After Kelli's parents leave, she goes out to dinner with a couple of friends. They tell her they have plans for her and veto her suggestion of taking a year off after high school to go to Europe. And Kelli's friend Megan has invited another friend along. Enter Sebastian (16, sophomore, wavy hair), who kind of looks like a cross between Hardy-Boys-era Shaun Cassidy and Parker Stevenson. I realize that reference is twice as old as anyone in this show, but seriously. Look it up! Sebastian thinks Kelli is hot, and Kelli thinks he looks like he surfs. He also talks like a surfer, in that slowed down mumbly kind of way. He claims to hook up with two or three girls a night. He says "hook up" a lot. As Kelli gives him her number, he interviews that if you go to the right parties, "you can hook up with anywhere between, like, two and sixteen girls in a month." Those are some weirdly specific numbers. And I'm just going to say it: I am not convinced that Sebastian is up to the lofty academic standards we were told about at the top of the show.
Camille (17, junior, long straight hair) is from the Upper West Side.

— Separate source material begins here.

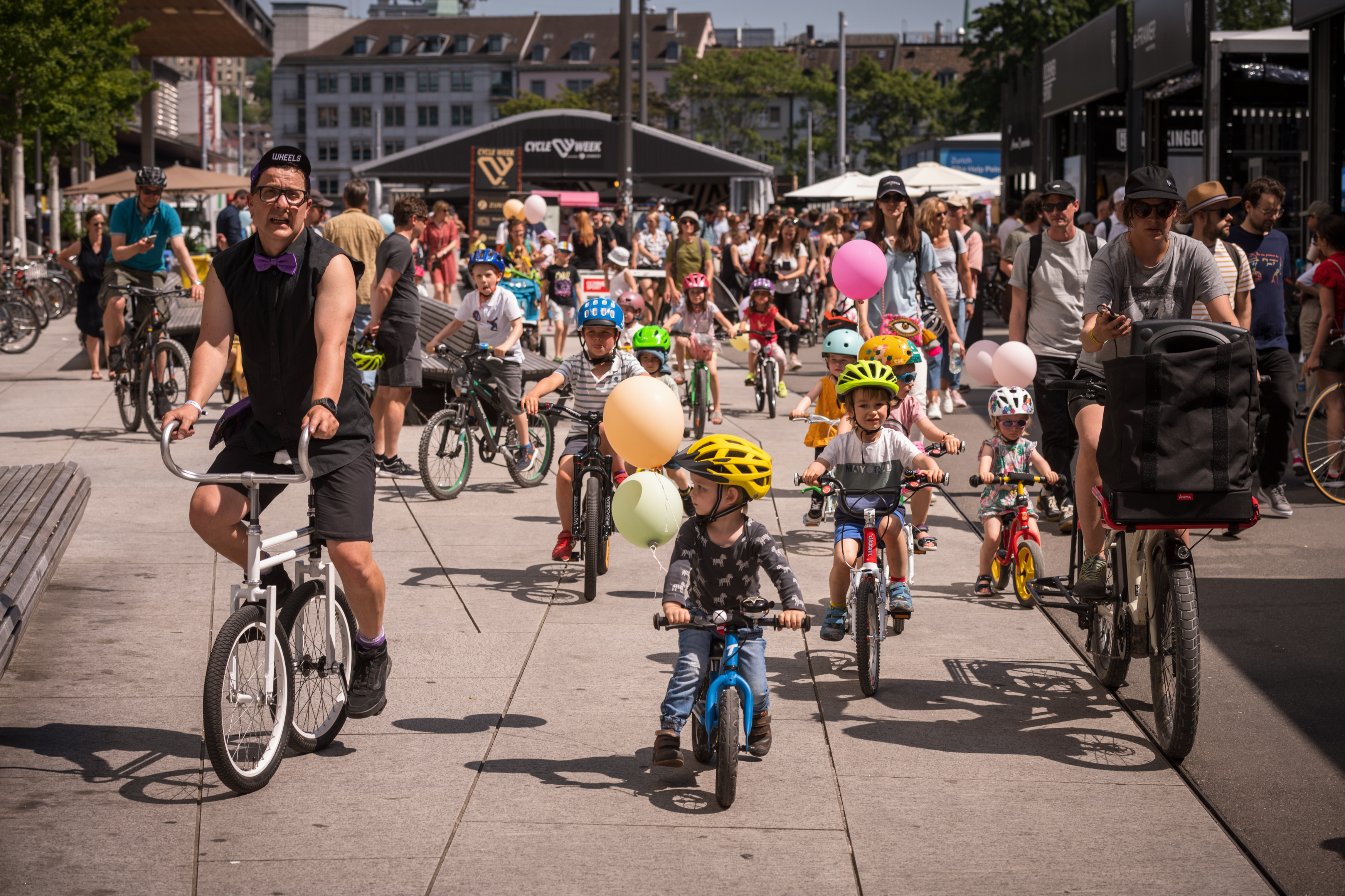 La Cycle Week, la fiesta nacional de la bicicleta, abarca todo el mundo de la bicicleta. En la Europaallee, cerca de la estación central de ferrocarril de Zúrich, y en Brunau, en la misma ciudad, el festival presenta nuevas tendencias y desarrollos, pero también todo lo probado y apreciado por los aficionados a la bicicleta. Entretiene, imparte conocimientos, anima a la gente a montar en bicicleta y refuerza la convicción de los ciclistas habituales. El Festival de la Semana de la Bicicleta va directamente a la gente, a usted. Ya sea en el triángulo Europaallee, Lagerstrasse, Kasernenstrasse, en el Brunau detrás del Saalsporthalle o en el Jumppark detrás del centro comercial Sihlcity. 100 talleres y novedades ciclistas le esperan en más de 120 stands.

She tells us that her family is wealthy, but not multi-billionaires. She estimates that they're in the top 1% or top half of 1%. See, there's "rich" and then there's "wealthy". You can tell she's the latter because her segment is backed by harpsichord music. She seems pretty pleased about having all that money, which I guess I can understand. She tells us that her entire life is planned out: Harvard, then business head of a genetics firm, then at 40 she'll have a husband and two girls. I assume she'll use the genetics firm's technology to ensure the sex of her children. See, it all comes together!
Camille sits down with her mother and is freaked out about her SAT score. She's only a junior, but she knows she needs essentially perfect scores for Harvard. She fumbles with her phone while panicking about how one score could determine her college life. Well, it's not like she can't take it again. That's the whole point of taking it as a junior. And as the score comes through, we go to commercial.